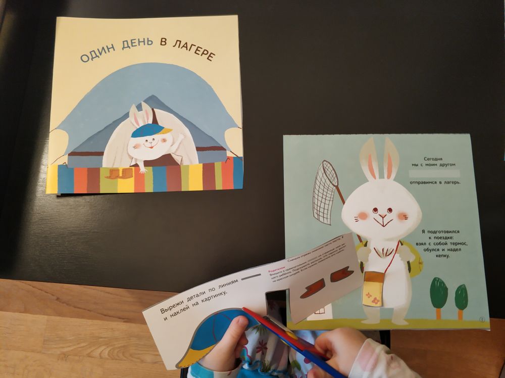 В конце 11-страничный проект - ребенок мастерит книжку с картинками про поход, вырезая детали и делая аппликации, главный герой книжки общается с ребенком, обращаясь по имени (нужно вписать).
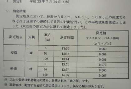 昨日測定した、校庭の放射線量の測定結果が届きましたので、お知らせいたします。数値の解釈については、区からの最終結果が出るまで何とも言えません。測定が終わった他の学校の数値については、世田谷区のホームページに掲載されていますので、比較することはできますのでご覧ください。
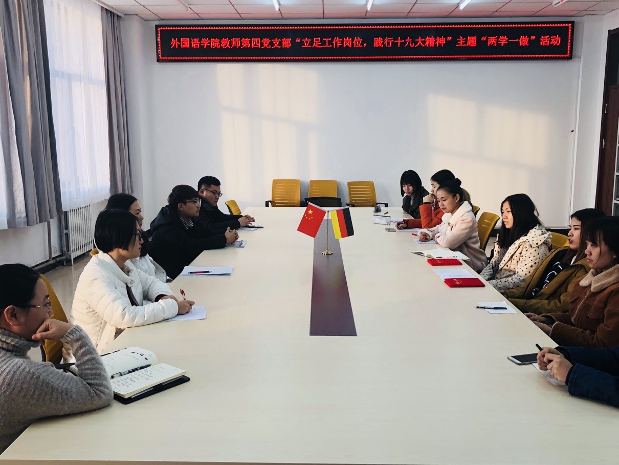 为深入学习十九大精神,结合学科特长,外国语学院教师第四党支部特组织教师及学生党员共同开展了“十九大报告中德双语朗诵会”。活动于12月22日下午3:00在长春校区研发大厦806举行。 习近平总书记在十九大报告中多次...
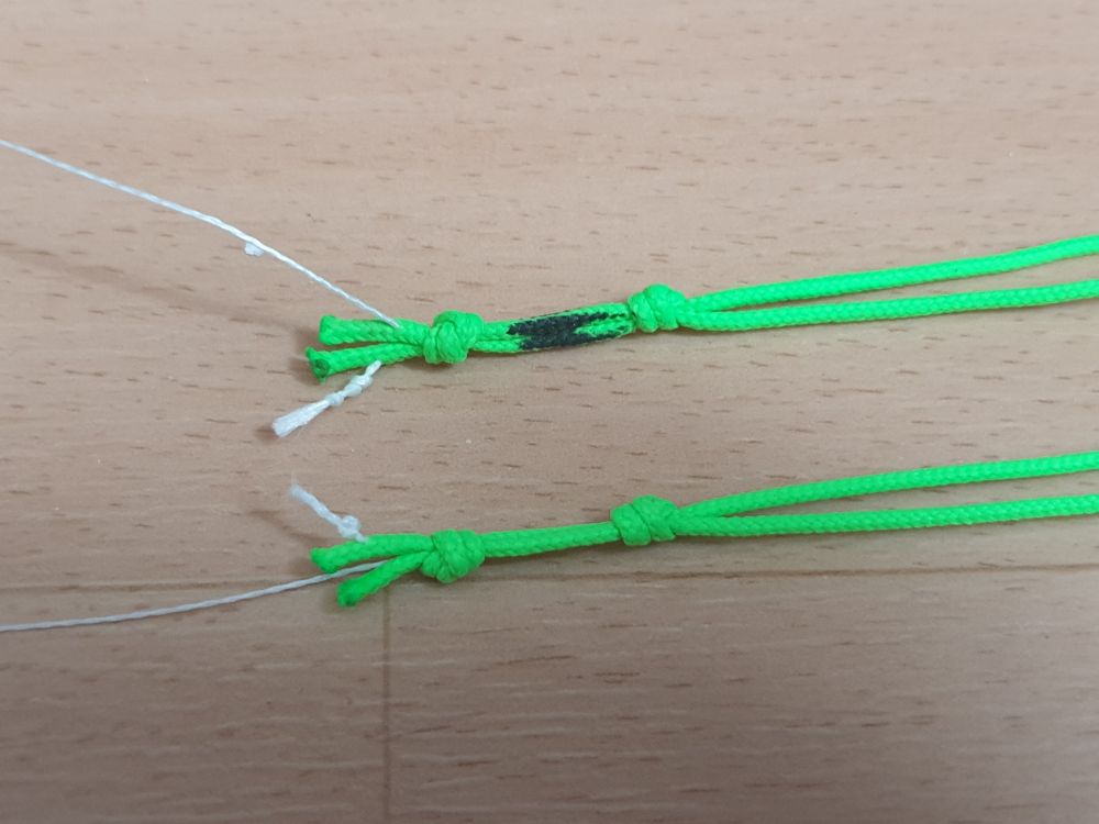 On saisie ensuite cette l’extrémité de la gaine et on tire sur la ligne de l’autre côté afin de bloquer la ligne grâce aux nœuds. On vérifie ainsi notre protection qui évite de perdre la ligne dans la gaine. Puis à l’extrémité on saisie à la fois la lignes et la gaine pour lisser la gaine avec l’autre main. A ce stade la gaine est bien étirée sur la ligne et il ne reste qu’à la refermer. Pour cela je plie la gaine en deux parties. Je pince le bout qui servira à faire la tête d’alouette quand tout sera fini, afin de lisser les 2 parties de nouveau car l’étape de pliage provoque un léger retrait de la gaine propice au « boudinage ». Maintenant on vérifie que les 2 extrémités de la gaine sont au même niveau et on fait un nœud avec la gaine après la sortie des lignes. Ce nœud bloque l’extrémité de la ligne pour qu’elle ne sorte pas. Finalement on ajoute un second nœud à environ 1 cm, ce nœud bloque les mouvements de la gaine sur la ligne car la gaine est élastique et même si on a lissé, elle peut se toujours se rétracter causant le boudinage.
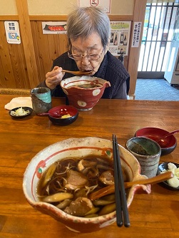 カテゴリー: 日記 | 美味しいものこんにちは! ひまわり不動産の増澤です 水曜日が定休日の ひまわり不動産です で、今日の定休日は 母とお出掛け~ 車イスの母を押して 松本城近くの お蕎麦屋さんへ好物の鴨南蛮をチョイス 一緒に食べました~ 鴨のだしが効いていて 美味しかったあ 母と食べる鴨南蛮 どんなご馳走より 一番美味しい! 幸せな時間に 感謝&感謝~ ひまわり不動産株式会社 増澤京子
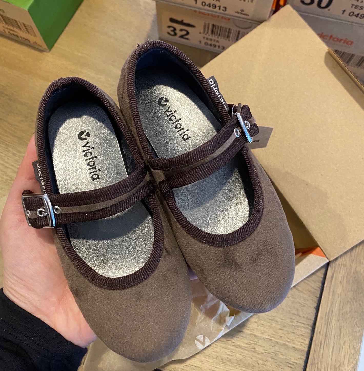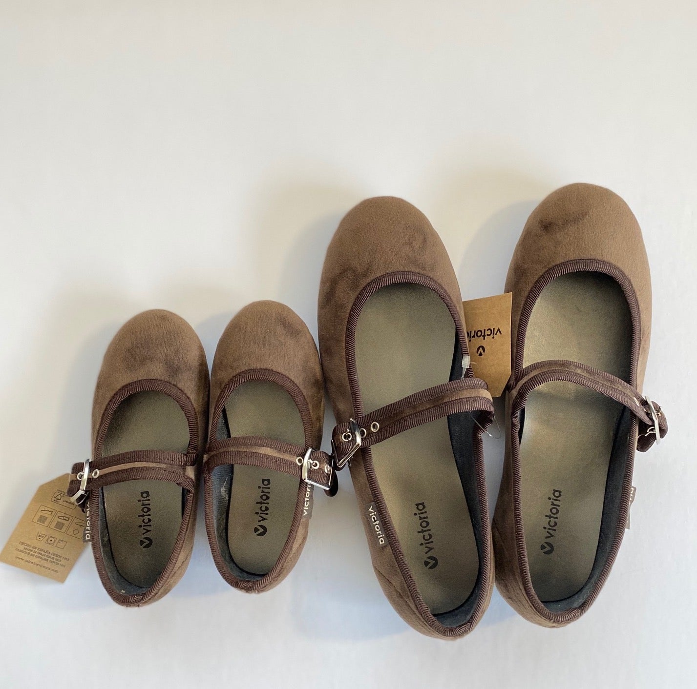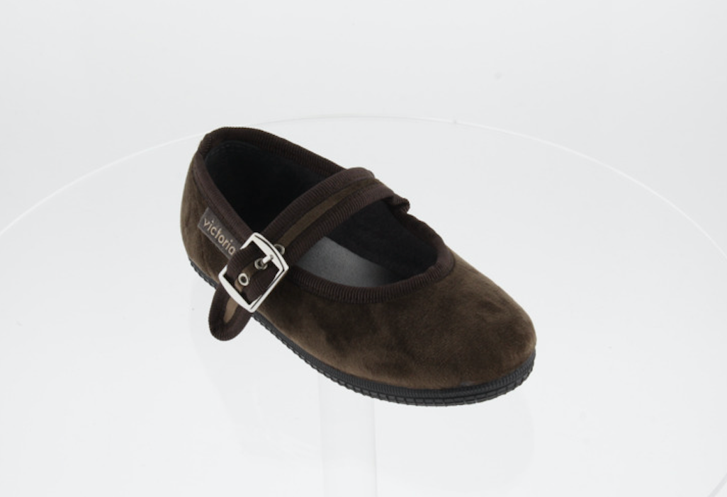 Classic Victoria Mercedes for girls. Made in Spain, from velvet with rectangular buckle closure and 100% natural rubber thin sole.
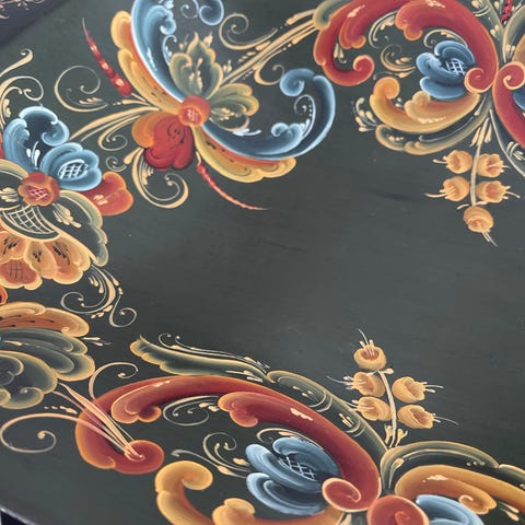 Rosemalt tallerkenhylle i tre med 5 boller
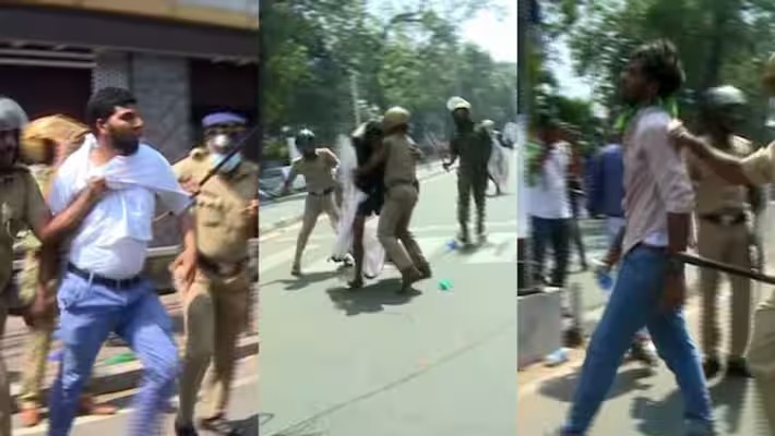 പ്രവ‍ർത്തകർ അക്രമാസക്തരായതോടെയാണ് പൊലീസ് ലാത്തി വീശിയത്. പിന്നാലെ കണ്ണീ‍ർ വാതക ഷെല്ലുകളും പ്രയോഗിച്ചു. എന്നാൽ പ്രവർത്തകർ സംഘ‍ർഷത്തിൽ നിന്ന് പിന്മാറിയില്ല. ഇതോടെ പൊലീസ് ഗ്രനേഡും പ്രയോഗിക്കുകയായിരുന്നു.
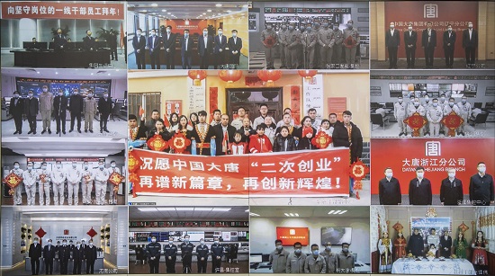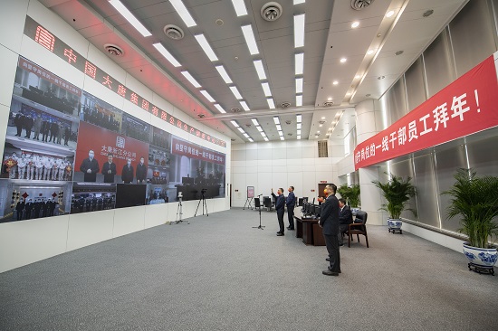 本网讯 1月31日农历除夕,在千家万户阖家团圆的重要时刻,中国大唐集团有限公司党组书记、董事长邹磊和党组成员、副总经理曲波代表集团公司党组亲切看望慰问总部值班人员,并通过视频连线的形式慰问春节期间坚守岗位的一线干部员工,向大家致以新春的问候与诚挚的祝福。

= What to produce =
Reproduce all the records verbatim, excluding images.

= Response for this exercise =
 В конце 11-страничный проект - ребенок мастерит книжку с картинками про поход, вырезая детали и делая аппликации, главный герой книжки общается с ребенком, обращаясь по имени (нужно вписать).
 昨日測定した、校庭の放射線量の測定結果が届きましたので、お知らせいたします。数値の解釈については、区からの最終結果が出るまで何とも言えません。測定が終わった他の学校の数値については、世田谷区のホームページに掲載されていますので、比較することはできますのでご覧ください。
 为深入学习十九大精神,结合学科特长,外国语学院教师第四党支部特组织教师及学生党员共同开展了“十九大报告中德双语朗诵会”。活动于12月22日下午3:00在长春校区研发大厦806举行。 习近平总书记在十九大报告中多次...
 On saisie ensuite cette l’extrémité de la gaine et on tire sur la ligne de l’autre côté afin de bloquer la ligne grâce aux nœuds. On vérifie ainsi notre protection qui évite de perdre la ligne dans la gaine. Puis à l’extrémité on saisie à la fois la lignes et la gaine pour lisser la gaine avec l’autre main. A ce stade la gaine est bien étirée sur la ligne et il ne reste qu’à la refermer. Pour cela je plie la gaine en deux parties. Je pince le bout qui servira à faire la tête d’alouette quand tout sera fini, afin de lisser les 2 parties de nouveau car l’étape de pliage provoque un léger retrait de la gaine propice au « boudinage ». Maintenant on vérifie que les 2 extrémités de la gaine sont au même niveau et on fait un nœud avec la gaine après la sortie des lignes. Ce nœud bloque l’extrémité de la ligne pour qu’elle ne sorte pas. Finalement on ajoute un second nœud à environ 1 cm, ce nœud bloque les mouvements de la gaine sur la ligne car la gaine est élastique et même si on a lissé, elle peut se toujours se rétracter causant le boudinage.
 カテゴリー: 日記 | 美味しいものこんにちは! ひまわり不動産の増澤です 水曜日が定休日の ひまわり不動産です で、今日の定休日は 母とお出掛け~ 車イスの母を押して 松本城近くの お蕎麦屋さんへ好物の鴨南蛮をチョイス 一緒に食べました~ 鴨のだしが効いていて 美味しかったあ 母と食べる鴨南蛮 どんなご馳走より 一番美味しい! 幸せな時間に 感謝&感謝~ ひまわり不動産株式会社 増澤京子
 Classic Victoria Mercedes for girls. Made in Spain, from velvet with rectangular buckle closure and 100% natural rubber thin sole.
 Rosemalt tallerkenhylle i tre med 5 boller
 പ്രവ‍ർത്തകർ അക്രമാസക്തരായതോടെയാണ് പൊലീസ് ലാത്തി വീശിയത്. പിന്നാലെ കണ്ണീ‍ർ വാതക ഷെല്ലുകളും പ്രയോഗിച്ചു. എന്നാൽ പ്രവർത്തകർ സംഘ‍ർഷത്തിൽ നിന്ന് പിന്മാറിയില്ല. ഇതോടെ പൊലീസ് ഗ്രനേഡും പ്രയോഗിക്കുകയായിരുന്നു.
 本网讯 1月31日农历除夕,在千家万户阖家团圆的重要时刻,中国大唐集团有限公司党组书记、董事长邹磊和党组成员、副总经理曲波代表集团公司党组亲切看望慰问总部值班人员,并通过视频连线的形式慰问春节期间坚守岗位的一线干部员工,向大家致以新春的问候与诚挚的祝福。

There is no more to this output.